Knefastia princeps

Scientific classification
- Kingdom: Animalia
- Phylum: Mollusca
- Class: Gastropoda
- Subclass: Caenogastropoda
- Order: Neogastropoda
- Superfamily: Conoidea
- Family: Pseudomelatomidae
- Genus: Knefastia
- Species: K. princeps
- Binomial name: Knefastia princeps Berry, 1953

= Knefastia princeps =

- Authority: Berry, 1953

Species of gastropod

Knefastia princeps is a species of sea snail, a marine gastropod mollusk in the family Pseudomelatomidae. It was described by Samuel Stillman Berry in 1953. The species occurs in the eastern Pacific, with a reported range extending from Baja California to Peru.

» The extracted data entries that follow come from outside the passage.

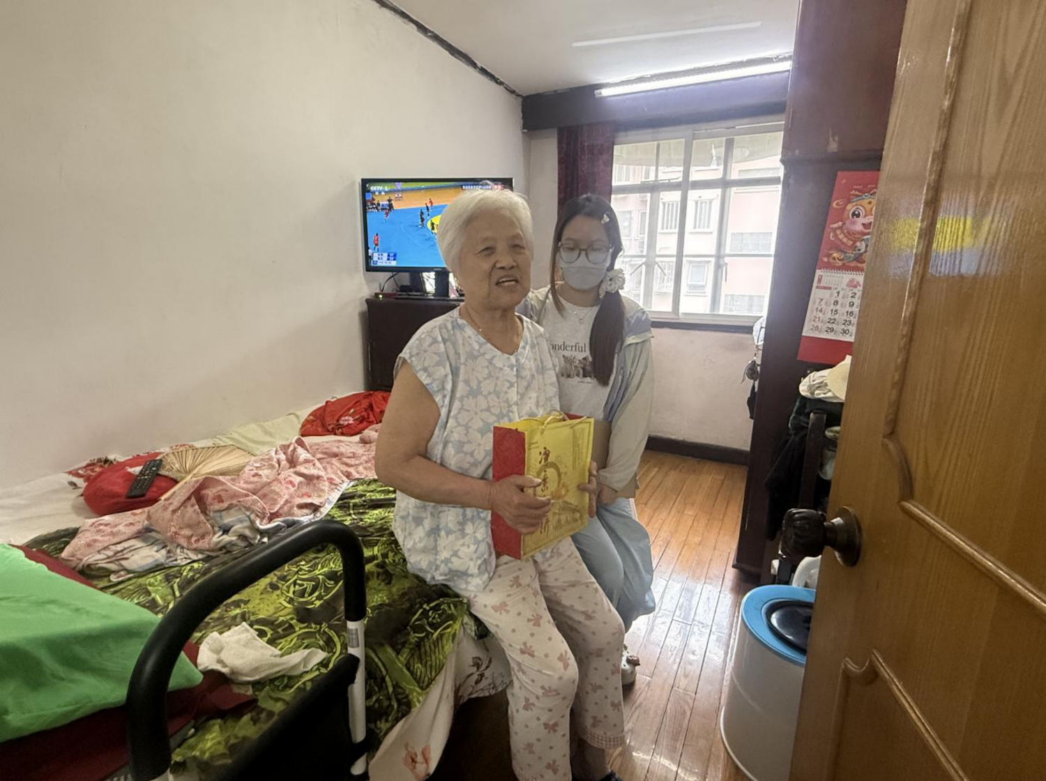 90岁的吴士英,是上海市“三八”红旗手,她同样是一位为祖国建设有过特殊贡献的高龄独居老人。社区党总支副书记顾玉婷和社区志愿者管菊花又把迎“国庆节”、迎“中秋节”的“双节”慰问提前送到了老人手中。老人因患有基础疾病,她们叮嘱老人要注意身体,按时吃药。老人表示:有身边社区的许多好心人的关心照护,觉得晚年生活很温馨,每每被“记得”受到关爱,感觉很幸福,很安全!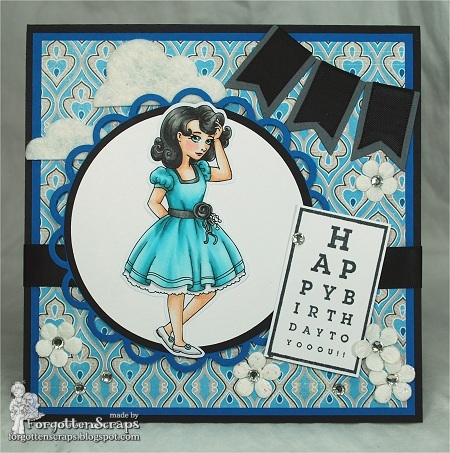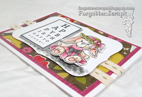 The main image is Birthday Josh from Sparkle Creations Rubber Stamps and the sentiment is I Chart from Penny Black. I kept the layout simple, added a little ribbon for a tag, a chippie from Make it Crafty and finally went around the edges with a white gel pen. I colored the images using Copic Colors from the “E”arth and “C”ool Gray markers.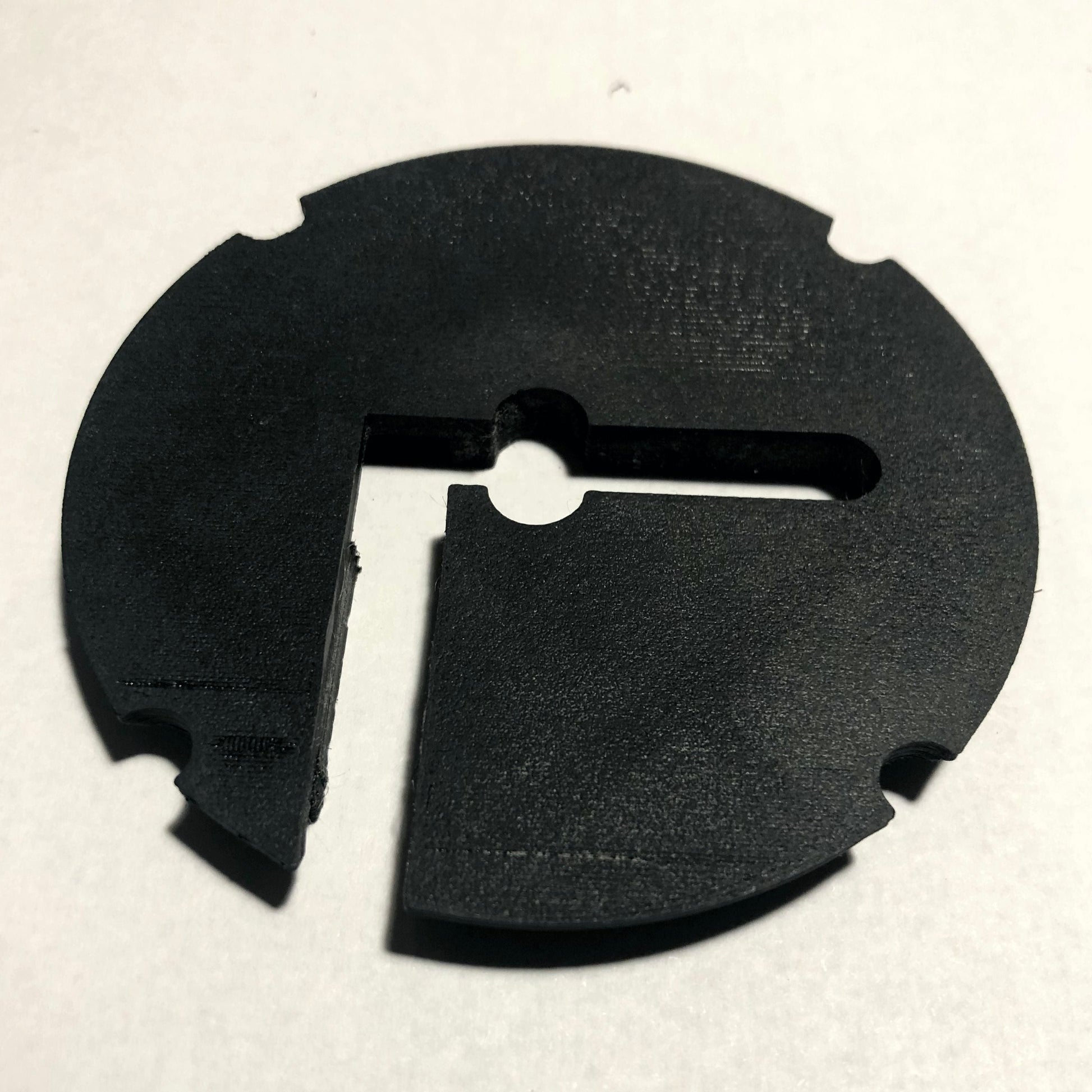 These are Scroll Saw Mount Inserts the blade passes through. They have been 3D printed and fit any saw with the same width as the 3.174 inch or 80 mm diameter at the top. These were made for a Central Machinery 16 in variable speed scroll saw to replace the one that comes with the saw. A customer had need for the insert with a bevel as you can see in the photos.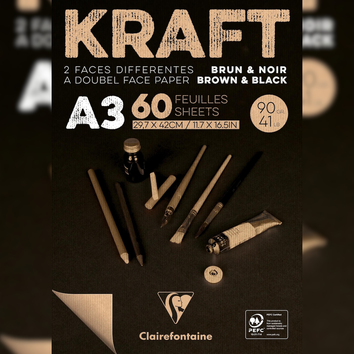 Clairefontaine 2x Block Kraftpapier, zweifarbig, geleimt, 60 Blatt A3 90g - 975819C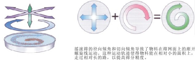摇摆筛是一种仿人工摇动的低频旋振筛,其原理是:瞬时运动为沿径向的位移和以此位移为轴的圆周运动的合成(螺旋运动)。即可调节偏心距的激振器产生了非线性三维运动,物料也产生同样的近似手动作业的运动,从而达到筛分之目的,再配合筛分附件可得到更加理想的筛分效果;适合于圆球状、圆柱状、片状、乃至不规则形状易堵网且需要精密筛分的物料。基本的回转运动与人工筛分相类似。偏心率从25到40mm可调,低速V型皮带驱动从120到360rpm可调,每一种产品的停留时间可以通过摇摆筛的径向与切角朝驱动轴线方向进行调整。因此建立水平与抛掷三维翻滚运动。物料从中心到外缘在整个筛面上均匀分散,从而以螺旋运动往轴向传播。细小颗粒从而完成了整个筛分过程。水平与垂直加速度随着粒子的运动而增加,接近筛孔尺寸的颗粒随之成功分离;较大颗粒被运到出口处,出口处由一个可调节的导向装置控制流量,该导向装置是控制物料停留时间的另一个因素。此次过程在每筛层之间重复进行。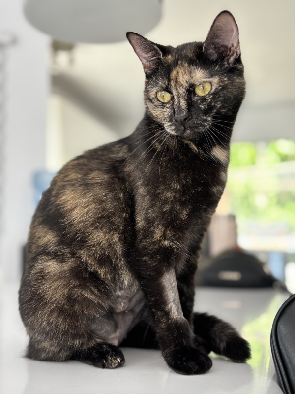 Il est maintenant temps pour moi de me trouver une famille qui va m’aimer et m’offrir un toit pour la vie! Je suis une chatte super affectueuse! J’aime recevoir des câlins, j’aime la présence de mon humain et je suis ma famille d’accueil partout. Lorsqu’elle travaille à la maison, je dors sur son bureau et lorsqu’elle quitte la maison, je vais dormir sur le bord de la fenêtre pour attendre son retour à la maison. Je suis parfaite comme ça moi!

Berry considered Knefastia princeps to be closely related to Knefastia dalli, from which it differs in its larger and more slender shell, relatively longer and more attenuated siphonal canal, more slender and widely spaced spiral cords, fewer and less strongly nodulose axial ribs, and more open anal sinus. Differences in coloration were also noted.

==Description==

The shell of Knefastia princeps is moderately large, elongated and fusiform. The spire is turreted and consists of strongly convex whorls that slope upward to a high, subangular shoulder. A flattened, fold-like ridge occurs immediately adjacent to the suture and is separated from the broad anal fasciole by a shallow spiral furrow. The anal fasciole is characterized primarily by strong, coarse incremental growth striae, together with a few weak spiral markings.

The body whorl bears seven to eight prominent axial ribs, with seven ribs present on the last whorl. The ribs are slightly knobbed at the shoulder and are crossed by four low but distinct spiral ridges. The two central spiral ridges are slightly more widely separated from each other than either is from the adjacent ridge. The base bears approximately 13–14 progressively weaker spiral ridges. The axial ribs continue onto the base but gradually become indistinct toward the siphonal canal.

The aperture is elongate and pyriform and accounts for approximately 45% of the total shell length. It is pointed posteriorly, while the outer lip is sharp-edged and only weakly crenulated by the spiral ridges. A prominent, open anal notch is present near the posterior end of the aperture. The siphonal canal is open and relatively long. The columellar wall is somewhat eroded and is covered by a moderate layer of glossy enamel.

The periostracum is glossy. The spire and main portion of the body whorl are predominantly brown, becoming paler toward the anterior end and around the nodes. The spiral ridges are distinctly paler than the surrounding shell surface. The anterior portion may become pale chamois in colour, and one or two darker bands may occur below the periphery. The interior of the aperture is polished and ranges from cinnamon to pinkish cinnamon.

The operculum is slightly smaller than the aperture. It is pointed anteriorly and more rounded posteriorly, with a shallow groove running parallel to its inner margin.

The holotype measures 60.3 mm in length and 19.9 mm in diameter.

==Ecology==

Knefastia princeps is a benthic marine gastropod associated with pebble, mud and shell substrates. The holotype was collected alive by dredging.

==Distribution==

Knefastia princeps occurs in the eastern Pacific, from Baja California in Mexico southward to Peru. Records include localities along the Pacific coast of Mexico and Peru.

==Taxonomy==

Knefastia princeps was described by Samuel Stillman Berry in 1953. It is classified in the genus Knefastia and the family Pseudomelatomidae.